Washington University School of Medicine

Treatments:

Azacitidine
Decitabine
Panobinostat

Criteria

Inclusion Criteria:

- AML (except t(15;17), inv(16) or t(8;21) and variants) or high risk MDS (IPSS Int-2 or
High) diagnosed according to WHO criteria (see Appendix 1)

- Age ≥ 60 years old

- Not a candidate for allogeneic stem cell transplantation within next 12 weeks

- Ability to provide written informed consent, obtained prior to participation in the
study and any related procedures being performed

- Patients must meet the following laboratory criteria:

- Serum albumin ≥ 3 g/dL

- Aspartate aminotransferase (AST)/SGOT and alanine aminotransferase (ALT)/SGPT ≤ 2.5 x
upper limit of normal (ULN) ) or ≤ 5.0 x ULN if the transaminase elevation is due to
leukemic involvement

- Serum bilirubin ≤ 1.5 x ULN

- Serum creatinine ≤ 1.5 x ULN or 24-hour creatinine clearance ≥ 50 ml/min

- Serum potassium ≥ lower limit of normal (LLN)

- Serum phosphorus ≥ LLN

- Serum total calcium (corrected for serum albumin) or serum ionized calcium ≥ LLN

- Serum magnesium ≥ LLN, thyroid stimulating hormone (TSH) and free thyroxine (T4)
within normal limits (WNL) (patients may be on thyroid hormone replacement)

- Baseline MUGA or ECHO must demonstrate left ventricular ejection fraction (LVEF) ≥ the
lower limit of the institutional normal.

- Eastern Cooperative Oncology Group (ECOG) Performance Status of ≤ 2

Exclusion Criteria:

- Prior treatment for MDS / AML with Histone deacetylase (HDAC) inhibitor or
hypomethylating agent (e.g., Decitabine, azacitidine etc.)

- Active central nervous system (CNS) involvement with MDS/AML

- Impaired cardiac function including any one of the following:

- Screening electrocardiogram (ECG) with a QTc > 450 msec confirmed by central
laboratory prior to enrollment to the study

- Patients with congenital long QT syndrome

- History of sustained ventricular tachycardia

- Any history of ventricular fibrillation or torsades de pointes

- Bradycardia defined as heart rate < 50 beats per minute. Patients with a pacemaker and
heart rate ≥ 50 beats per minute are eligible.

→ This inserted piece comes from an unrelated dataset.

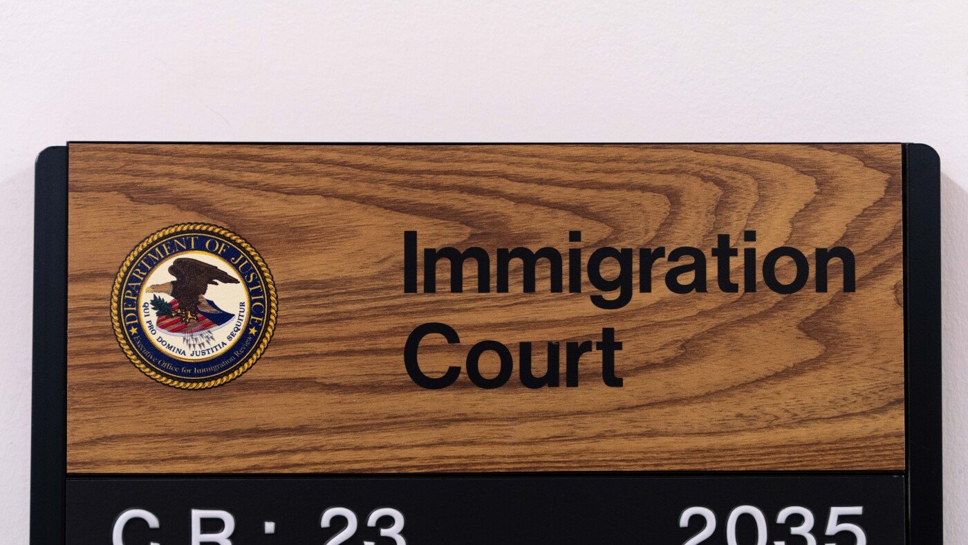 In this file photo, a sign shows the location of an immigration court in New York City. In July, 16 more immigration judges were fired.

- Patients with a myocardial infarction or unstable angina within 6 months of study
entry

- Congestive heart failure (NY Heart Association class III or IV)

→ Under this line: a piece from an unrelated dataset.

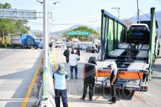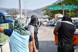 CHILPANCINGO, GUERRERO, 17ABRIL2026.- Cerca de 30 egresados de la Escuela Normal Rural 'Raúl Isidro Burgos' de Ayotzinapa bloquearon durante dos horas la Autopista del Sol en Chilpancingo, utilizando vehículos de carga para cerrar totalmente la circulación en el Parador del Marqués. La movilización tuvo como objetivo presionar a la Secretaría de Educación Guerrero (SEG) por la falta de respuesta ante la asignación de 20 plazas docentes, cuyos exámenes de idoneidad fueron aprobados desde marzo del año pasado sin que hasta la fecha existan avances claros. A pesar de la intervención de funcionarios estatales para establecer un diálogo, los manifestantes denunciaron que las autoridades han pospuesto las mesas de negociación de manera sistemática. Tras mantener el cierre de los cuatro carriles y las laterales de la carretera federal por un lapso de dos horas, los jóvenes liberaron la vía alrededor de las 18:00 horas, permitiendo que el flujo vehicular hacia Acapulco y la Ciudad de México regresara a la normalidad. FOTO: DASSAEV TÉLLEZ ADAME/CUARTOSCURO.COM

- Right bundle branch block and left anterior hemiblock (bifasicular block)

- Uncontrolled hypertension

- Concomitant use of drugs with a risk of causing torsades de pointes

- Patients with unresolved diarrhea > CTCAE grade 1

- Impairment of gastrointestinal (GI) function or GI disease that may significantly
alter the absorption of oral LBH589

- Other concurrent severe and/or uncontrolled medical conditions

- Patients who have received chemotherapy or any investigational drug < 2 weeks or
hydroxyurea < 48 hours prior to starting study drug or who have not recovered from
side effects of such therapy.

- Concomitant use of any anti-cancer therapy or radiation therapy

- Male patients whose sexual partners are women of child bearing potential (WOCBP) not
using effective birth control

- Patients with known positivity for human immunodeficiency virus (HIV) or hepatitis C;
baseline testing for HIV and hepatitis C is not required

- Patients with any significant history of non-compliance to medical regimens or with
inability to grant a reliable informed consent

- Patients who will need valproic acid for any medical condition during the study or
within 5 days prior to first LBH589 treatment

- Patients who have received targeted agents within 2 weeks or within 5 half-lives of
the agent and active metabolites (whichever is longer) and who have not recovered from
side effects of those therapies

- Patients who have undergone major surgery ≤ 4 weeks prior to starting study drug or
who have not recovered from side effects of such therapy.